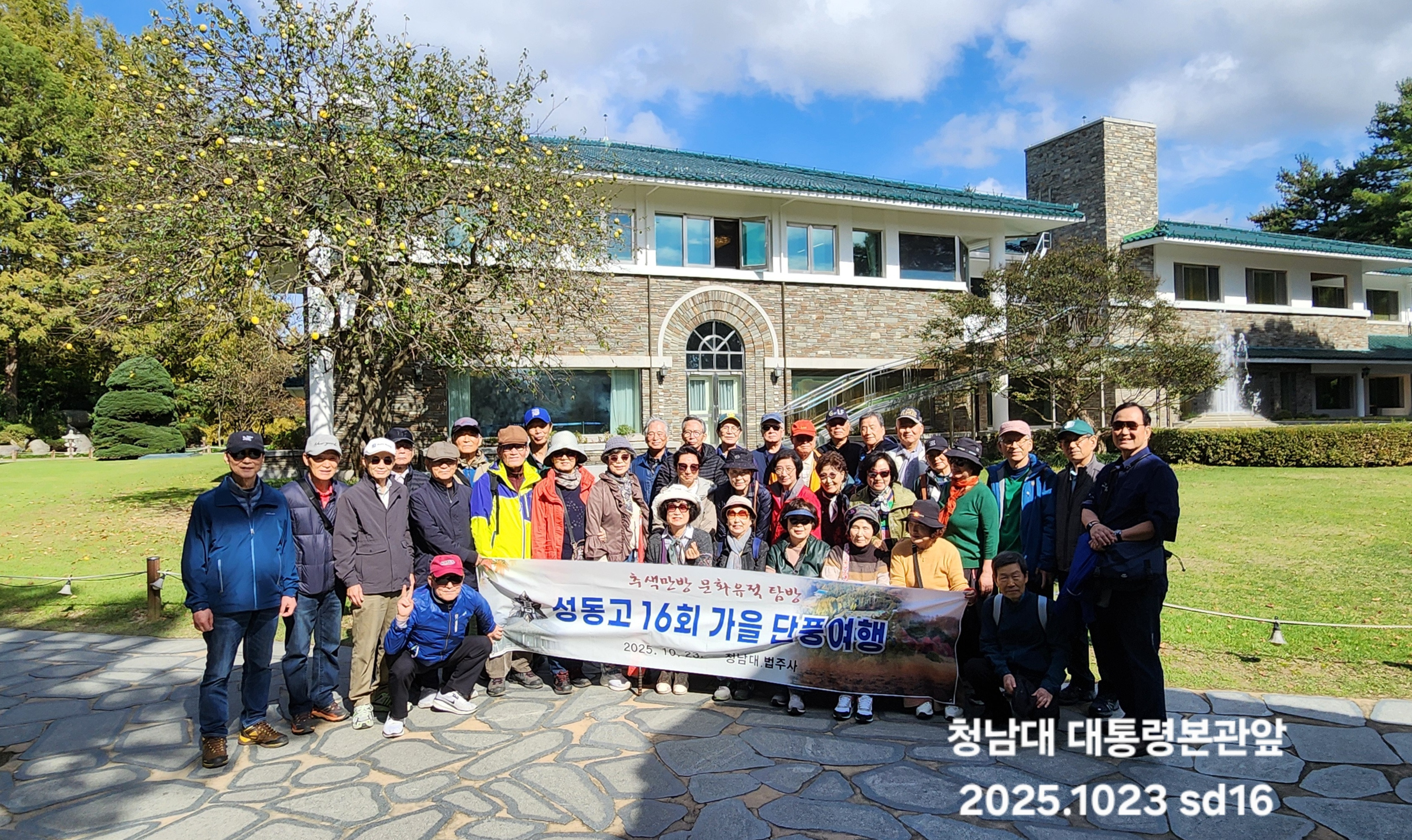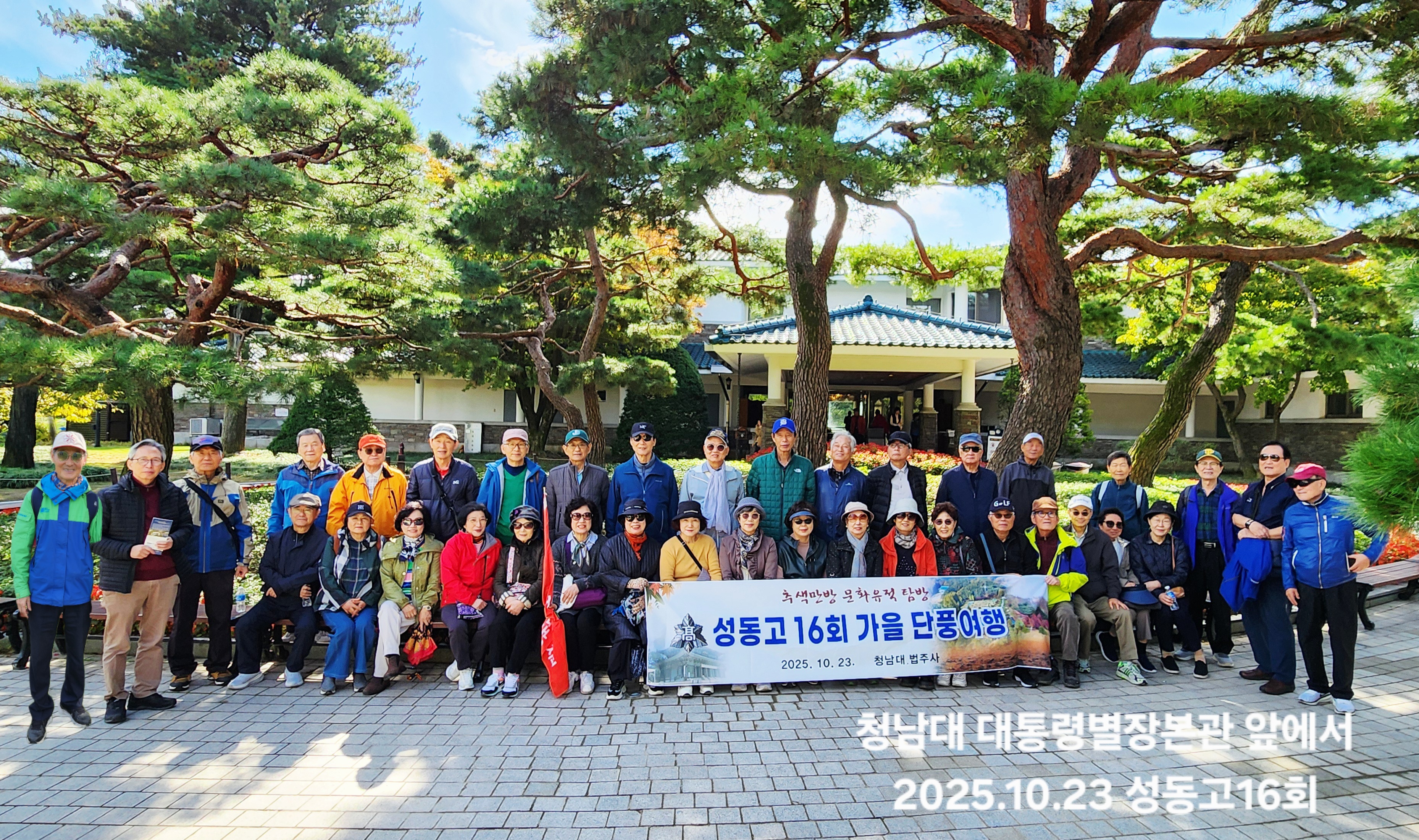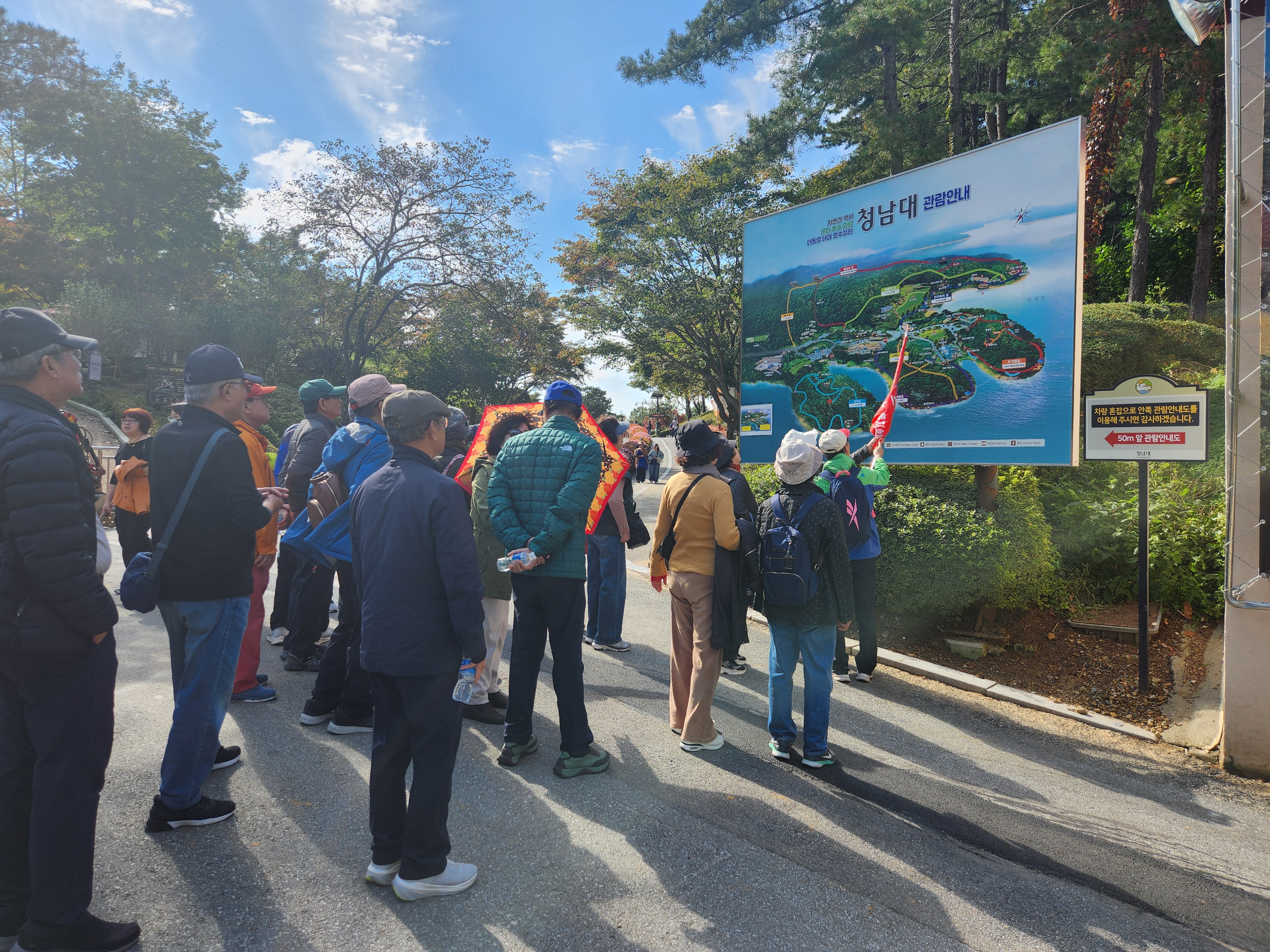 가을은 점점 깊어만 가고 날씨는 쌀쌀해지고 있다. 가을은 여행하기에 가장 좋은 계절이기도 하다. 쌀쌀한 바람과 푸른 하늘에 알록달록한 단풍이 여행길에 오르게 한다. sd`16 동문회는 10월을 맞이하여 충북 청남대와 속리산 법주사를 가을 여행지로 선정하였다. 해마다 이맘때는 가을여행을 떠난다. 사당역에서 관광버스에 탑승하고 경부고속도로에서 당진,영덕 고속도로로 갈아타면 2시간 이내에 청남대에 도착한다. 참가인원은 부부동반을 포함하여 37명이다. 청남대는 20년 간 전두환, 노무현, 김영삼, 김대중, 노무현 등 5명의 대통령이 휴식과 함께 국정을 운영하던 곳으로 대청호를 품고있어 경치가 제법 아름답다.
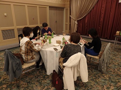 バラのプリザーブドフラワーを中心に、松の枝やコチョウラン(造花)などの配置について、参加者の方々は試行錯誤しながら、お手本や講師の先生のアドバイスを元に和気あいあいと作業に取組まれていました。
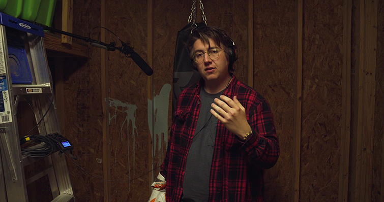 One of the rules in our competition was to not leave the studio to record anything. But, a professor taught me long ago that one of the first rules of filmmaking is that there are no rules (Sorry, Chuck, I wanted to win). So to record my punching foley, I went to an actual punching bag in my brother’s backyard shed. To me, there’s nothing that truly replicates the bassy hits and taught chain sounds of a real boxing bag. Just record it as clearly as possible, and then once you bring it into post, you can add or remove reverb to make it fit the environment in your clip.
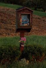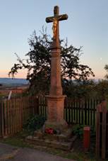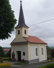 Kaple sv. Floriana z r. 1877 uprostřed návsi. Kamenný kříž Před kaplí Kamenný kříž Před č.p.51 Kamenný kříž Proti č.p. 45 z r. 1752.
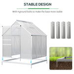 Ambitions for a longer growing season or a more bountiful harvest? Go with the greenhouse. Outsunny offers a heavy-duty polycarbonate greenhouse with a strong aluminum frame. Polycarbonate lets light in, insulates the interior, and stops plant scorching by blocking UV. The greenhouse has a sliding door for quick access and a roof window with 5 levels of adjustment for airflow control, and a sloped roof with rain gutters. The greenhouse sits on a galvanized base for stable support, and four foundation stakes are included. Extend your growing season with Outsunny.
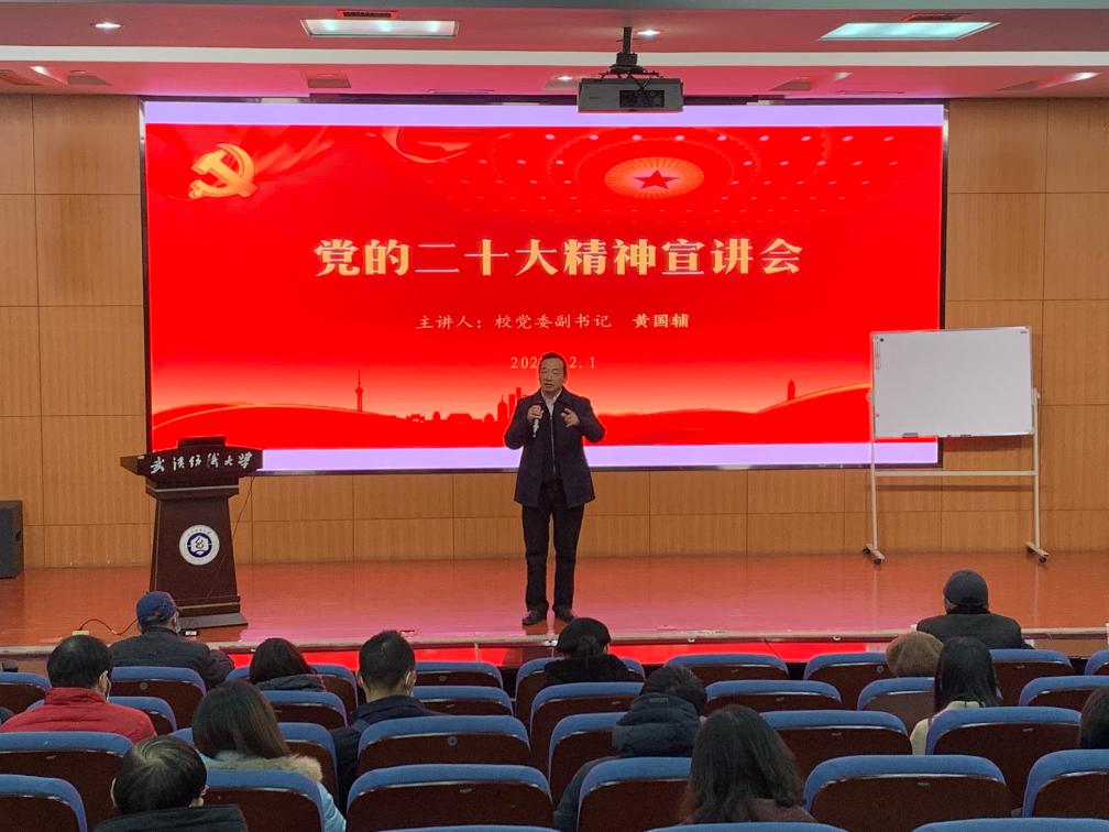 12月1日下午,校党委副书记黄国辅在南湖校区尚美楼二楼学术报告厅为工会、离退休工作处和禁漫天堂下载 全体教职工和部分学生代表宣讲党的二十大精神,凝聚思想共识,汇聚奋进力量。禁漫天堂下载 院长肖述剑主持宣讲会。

+++

### Your task
What is needed is a verbatim copy of the lines running from the one with "Kaple sv. Floriana" through the last line of the listing above, excluding any pictures.

### Task result
 Kaple sv. Floriana z r. 1877 uprostřed návsi. Kamenný kříž Před kaplí Kamenný kříž Před č.p.51 Kamenný kříž Proti č.p. 45 z r. 1752.
 Ambitions for a longer growing season or a more bountiful harvest? Go with the greenhouse. Outsunny offers a heavy-duty polycarbonate greenhouse with a strong aluminum frame. Polycarbonate lets light in, insulates the interior, and stops plant scorching by blocking UV. The greenhouse has a sliding door for quick access and a roof window with 5 levels of adjustment for airflow control, and a sloped roof with rain gutters. The greenhouse sits on a galvanized base for stable support, and four foundation stakes are included. Extend your growing season with Outsunny.
 12月1日下午,校党委副书记黄国辅在南湖校区尚美楼二楼学术报告厅为工会、离退休工作处和禁漫天堂下载 全体教职工和部分学生代表宣讲党的二十大精神,凝聚思想共识,汇聚奋进力量。禁漫天堂下载 院长肖述剑主持宣讲会。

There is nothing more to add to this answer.